Continuous HR and BP data were obtained during the tilt table study at each site and analysed in the Calgary core lab. In Calgary, continuous HR and BP data were acquired using a Nexfin System (BMEYE, The Netherlands) and advanced haemodynamic measurements (SVI, CI, SVRI) calculated with waveform-based Modelflow software. McMaster and Sherbrooke acquired continuous data using a Task Force Monitor (TFM; CNSystems Medizintechnik GmbH, Graz, Austria) Model 3040i, while Montreal used a TFM Model 3030i. Data from the TFM were downloaded and analysed in Calgary using LabChart (AD Instruments, Dunedin, New Zealand) by L.L. and G.B., blind to the randomized intervention. Analyses consisted of 1-min windows for averages of haemodynamic values during baseline and during tilt. Prior to and during presyncope and syncope, 10-s windows were averaged.

Statistical analysis

Coordination, data management, and analysis were performed at the University of Calgary. Parametric data are reported as mean ± standard deviation and analysed with a Student’s t-test. The Fisher–Freeman–Halton exact test was used to assess the statistical significance of the difference in outcome proportions. Time-dependent outcomes are displayed in a Kaplan–Meier analysis and the significance of differences estimated with the log-rank test and hazard ratios. Patients who exited the study before syncope or study end were censored in the syncope analysis. In the absence of a priori competing risks we did not perform competing risk analysis or linear mixed models. Data were entered into a Redcap database at the University of Calgary. SPSS version 21.0 (IBM Corporation, Armonk, NY, USA) was used for data analysis, and GraphPad Prism 6.0 (GraphPad Software, San Diego, CA, USA) to generate figures.

Sample size calculation

Sample size was calculated based upon the primary clinical endpoint. In a review of four studies¹² comprising 304 patients utilizing this tilt test protocol (at 60° head-up tilt) the likelihood of a positive test was 69%. We reported¹⁰ that the likelihood of a positive tilt test outcome was 1.1% per minute at 80°. After 60 min of 80° head-up tilt, we expect a positivity rate of about 66%. The effect of other NET inhibitors was reported using a slightly different tilt test protocol,⁵ and the positive outcome rate was 49% in the placebo arms. In the NET intervention arms, the positive outcome rate was 18%, of which 4% was due to diagnostic presyncope and 14% was due to orthostatic intolerance without bradycardia or hypotension,⁵ with a 92% relative risk reduction, which seemed higher than might be expected.

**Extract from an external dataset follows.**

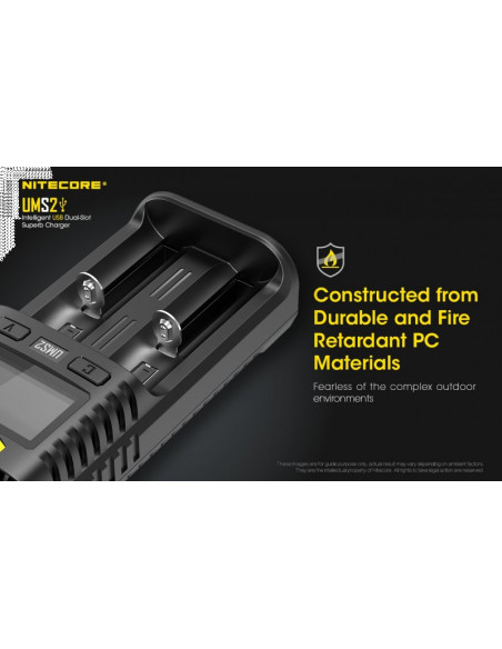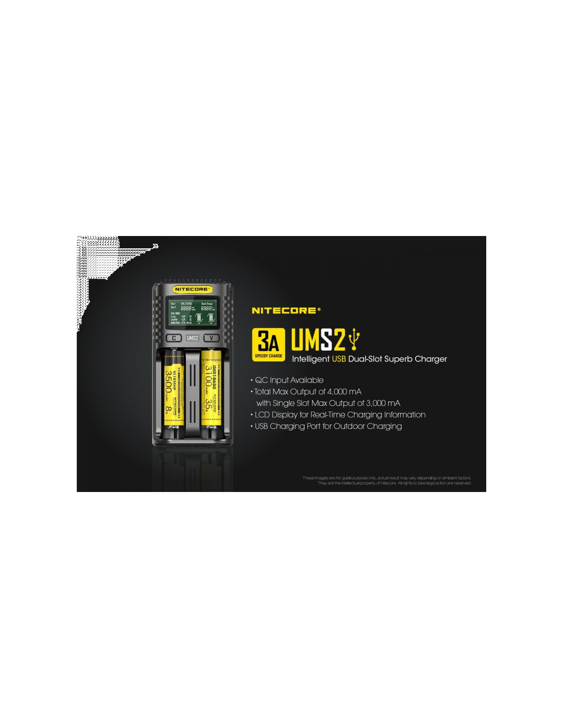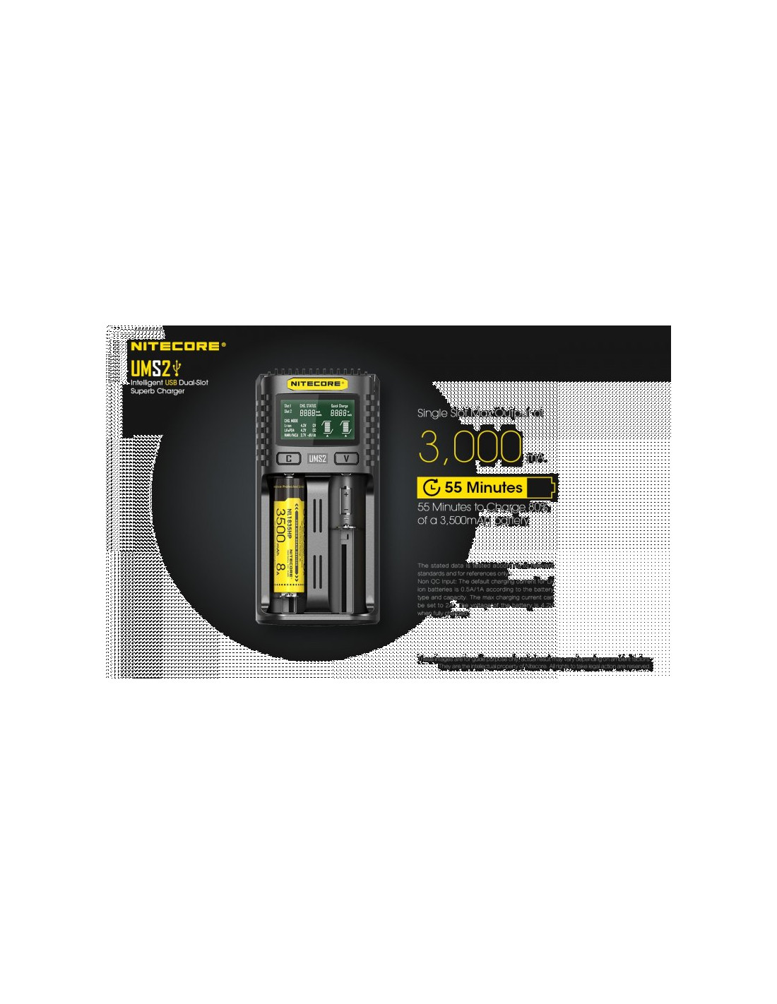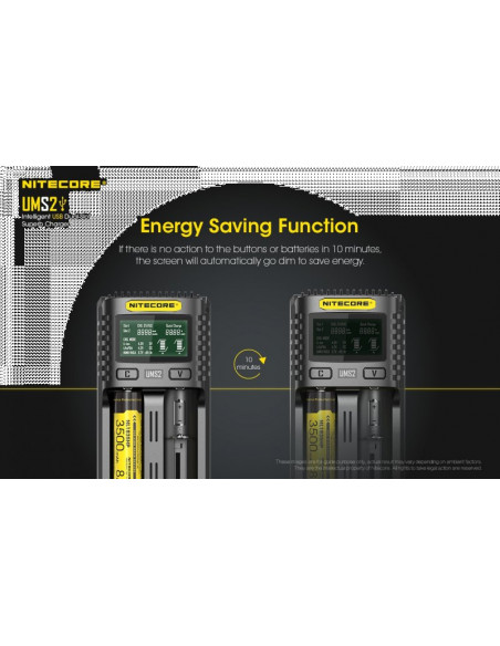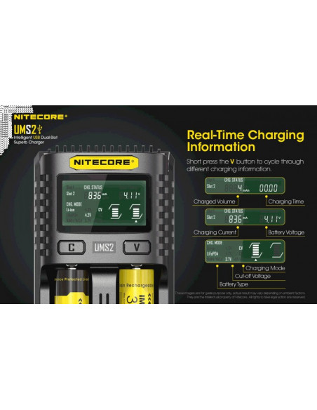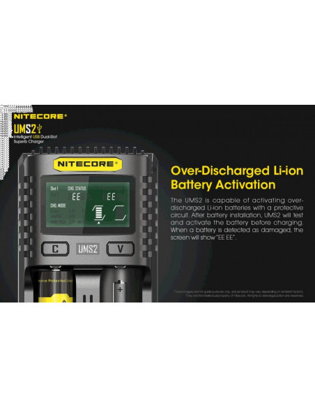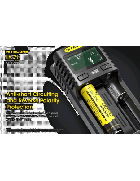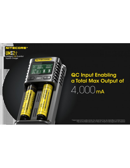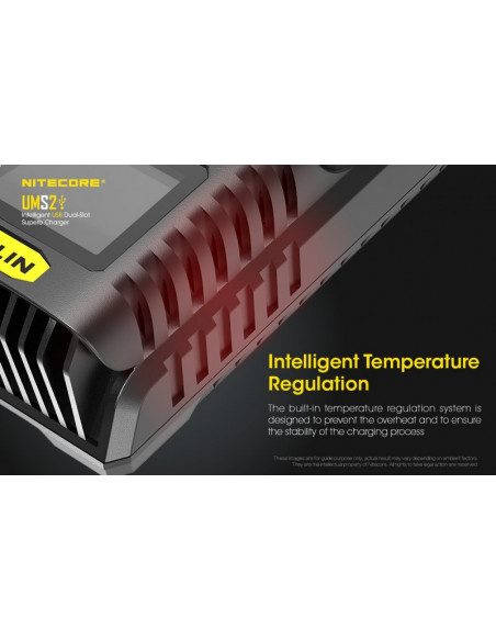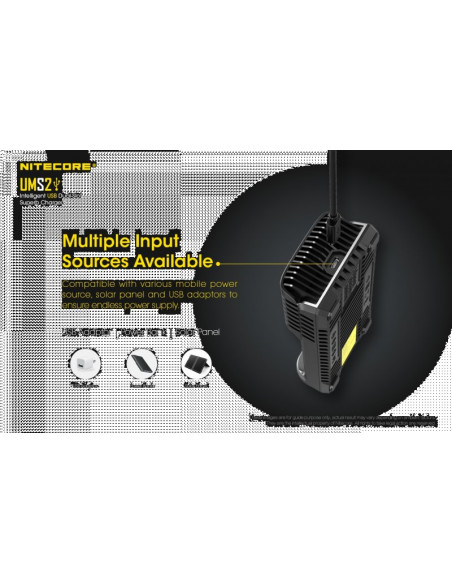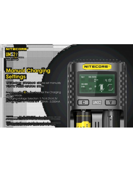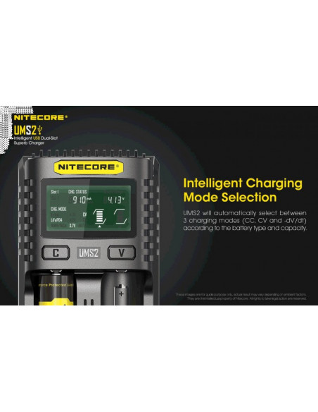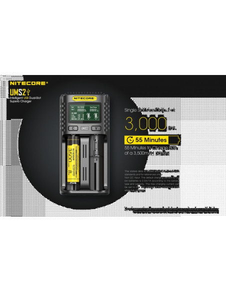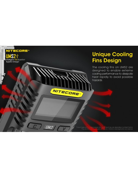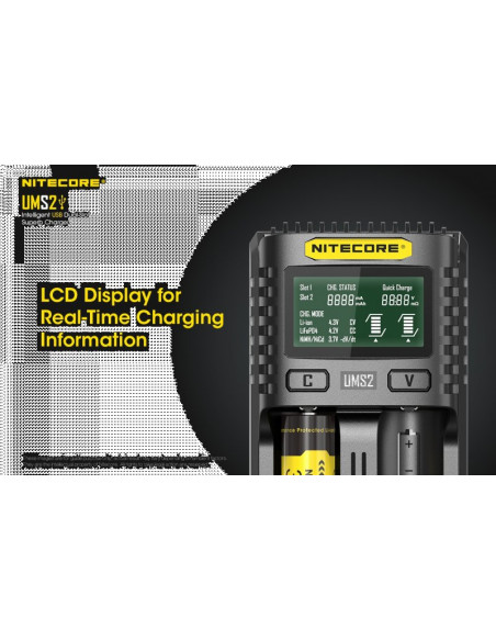 Dwukanałowa ładowarka USB Nitecore UMS2 zaprojektowana w taki sposób by podładować baterie szybko i bezpiecznie. Przy użyciu dwóch kanałów ładowania, urządzenie podaje prąd o mocy 4000mA, przy pojedynczym kanale uruchamia się tryb „Quick Charge” podający prąd o mocy 3000mA. Ładowarka posiada wyświetlacz LCD, na którym wyświetlane są informacje dotyczące ładowanych akumulatorów. Dodatkowo posiada możliwość ręcznego ustawiania parametrów ładowania.

A sample size of 56 syncope patients was chosen to provide 85% power to detect a 60% relative risk reduction from a placebo outcome rate of 65%, with alpha = 0.05.

Oral presentations

This work was presented at the European Society of Cardiology Congress in August 2018 and the Canadian Cardiovascular Congress in October 2018.

Results

Study population

Between August 2015 and January 2018, 56 consenting patients were randomized in four university hospitals in Canada. The mean age was 35 years (Table 1), and 73% were women. The subjects in the two arms were approximately evenly balanced: subjects in both arms had a median 3 syncopal spells in the preceding year and had very similar Calgary Syncope Symptom Scores. Study participants had a median 12 syncope spells over a median 15 years, with a median frequency of 1.4 syncopal episodes per year. Only one had a previous tilt test.

Symptomatic outcomes

All subjects either fainted or completed the study except for five whose tilt tests were stopped prematurely due to intolerable presyncope; they were included in the analysis. Atomoxetine significantly reduced the proportion of subjects who fainted on the tilt test and increased the proportion of subjects who developed isolated presyncope (Table 2). In the placebo arm, 19/27 (70%) subjects experienced frank syncope on tilt test compared to only 10/29 (35%) in the atomoxetine arm (P = 0.003) with a relative risk of 0.49 (confidence interval 0.28–0.86, P = 0.012). The absolute risk reduction was 36% and the number needed to treat to prevent a positive tilt test is 3. In contrast, the proportion of subjects who developed at least one of either isolated presyncope or syncope was similar in both arms [23/29 (79%) in the atomoxetine arm vs. 21/27 (78%) in the placebo arm; P = 1.0]. Strikingly, 13/15 patients with isolated presyncope had received atomoxetine and only two had received placebo. Only one subject had a possible drug-related unintended harm, which was mild transient insomnia.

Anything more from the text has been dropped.